Update: I have updated the question to be more clear and precise.

• It would help a lot if you could provide a link to where you read the word that confused you. With PCA it could just mean multiplication. – Dan Jul 11 '18 at 8:56
• I mentioned PCA just to tell that how I had to use statistics. My question about "scale" was not related to PCA. I am sorry for the confusion. However, following link contains what I wanted to ask about: researchgate.net/post/… – Muhammad Abdullah Jul 11 '18 at 11:16
• That link is talking about rating scales. An appropriate English definition of this use of the word scale is a set of numbers, amounts, etc., used to measure or compare the level of something – Dan Jul 11 '18 at 11:20
• "scale" is one of those words that have multiple meanings, each in their own context. At least three come immediately to mind in statistics – Glen_b Jul 11 '18 at 13:24

This word has many meanings, e.g.

• measurement scale (nominal, ordinal, etc.) is a classification of variables in statistics in terms of mathematical operations that can be applied to them,
• in probability and statistics scaling factor of probability distribution, so $Y = bX$ is a random variable defined in terms of random variable $X$ scaled by the $b$,
• what follows, we have location-scale distributions with location $a$ and scale $b$ parameters, $Y = a + bX$ (e.g. mean and variance in normal distribution) that lead to transforming probability density function to $f_Y = f_X(\tfrac{X-a}{b})\,/\,b$, and cumulative distribution function to $F_Y = F_X(\tfrac{X-a}{b})$,
• in psychometrics people often call the questionnaire as "scale", e.g. Wechsler Adult Intelligence Scale is one of the most popular IQ tests.
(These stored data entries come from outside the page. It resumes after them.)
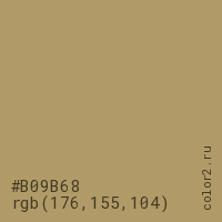 Цвет #B09B68 в цветовой модели RGB обозначается тремя октетами (176, 155, 104) в десятичном формате и #B09B68 в шестнадцатиричном (hex) формате, которые являются интенсивностью красного 176 (hex B0), интенсивность зелёного 155 (hex 9B) и интенсивность синего 104 (hex 68).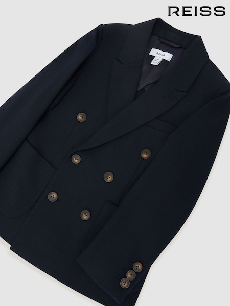 Reiss Navy Belmont J 13-14 yrs Double-Breasted Textured Blazer With Wool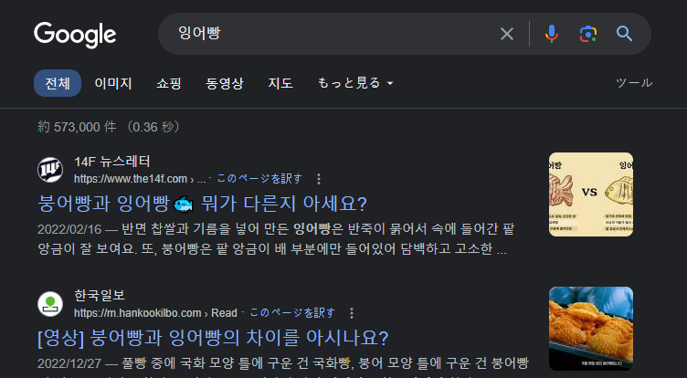 검색창에서 한글로 검색해도, 한국에서 검색하던 결과도 나옵니다 , 붕어빵을 검색해볼까요?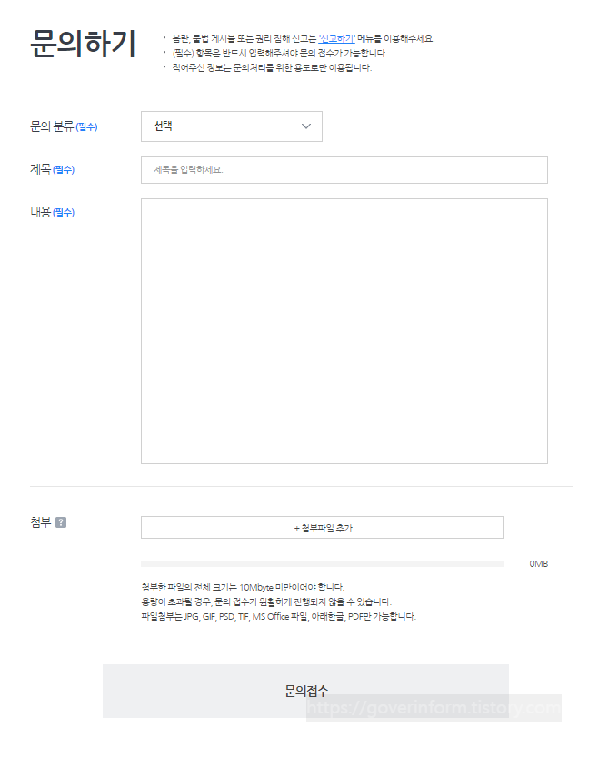 다음은 문의하기 게시판입니다. 문의 분류, 제목, 내용을 입력하고 필요한 경우 첨부파일을 추가한 다음 문의접수를 합니다.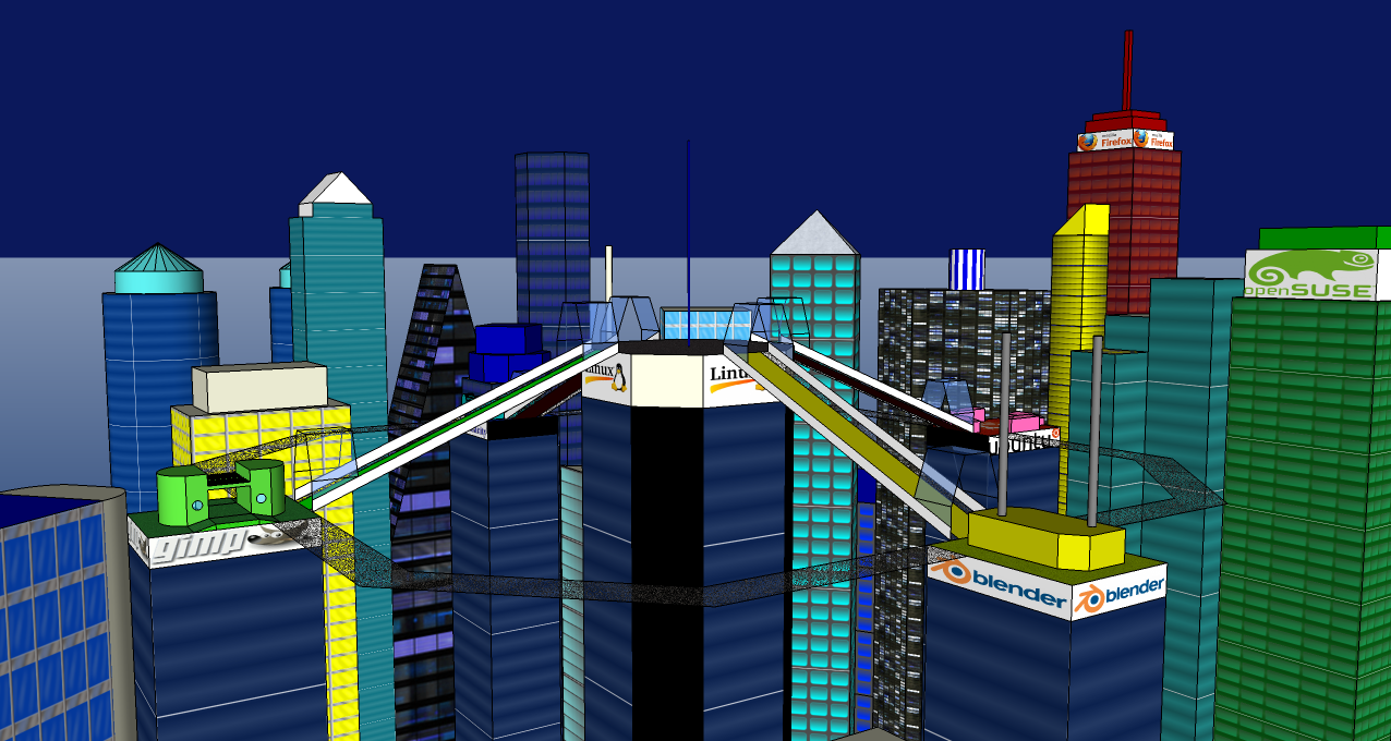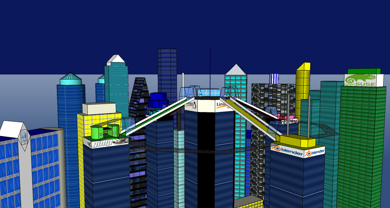 Here's the 6th preview of the city arena. I added 4 new towers like the OpenSUSE Building and the Konqeror office building. The picture was expanded to see the new buildings.
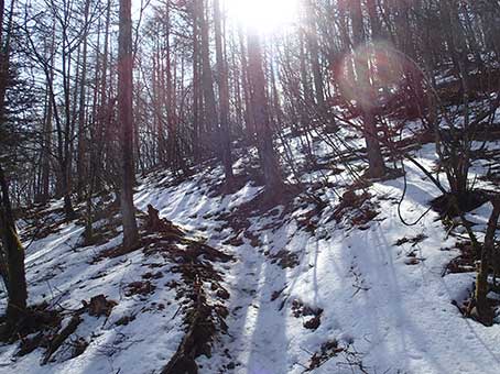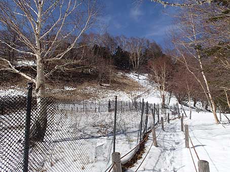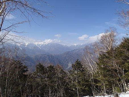 2019/3/2 櫛形山は麓から見るとほとんど雪が着いているようにはみえなかったが、頂上付近の木々の間には雪があるのが見えた。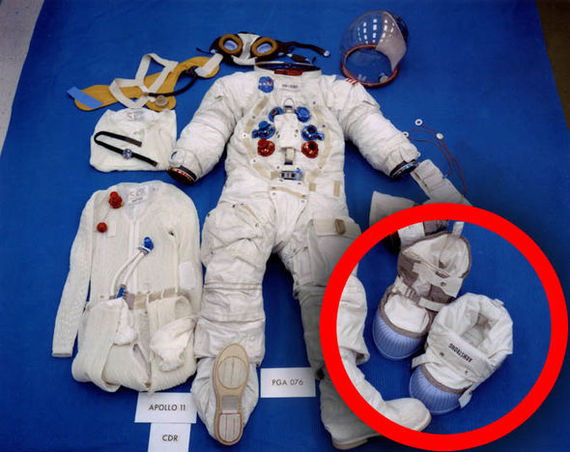 Такие ботинки надевались поверх скафандра, вот и вся разгадка. Их так же можно увидеть на этой картинке экипировки с миссии Аполлон-11

What exactly it means depends on context.

• Helpful, but I think your second bullet point conflates two distinct ideas. A scale parameter measuring spread (dispersion is another common word) generally has units and dimensions that are the same as the original variable, or is reducible to such. So a normal distribution fittted to data on weights has a standard deviation with the same units and dimensions; and similarly in general. Your example $Y=bX$ has $b$ as what might often be called a multiplicative or scale factor (rather than a scale parameter). – Nick Cox Jul 11 '18 at 8:55

A guess:

"scale" in PCA could arise form question "should we standardize variables before running PCA?".

The answer is "Yes", because if we do not, a scale of variable affects results. If, for example, one of variables is in centimeters and we change it's scale to meters, we would get completely different results in PCA.

Also if scale of one of the variables is from 0 to 1 and another from 0 do 1000, the later would have greater impact on PCA results.

So, my guess is that scale here means "unit", "range", "extent" etc.

Plus, R function that performs standardization is... scale :)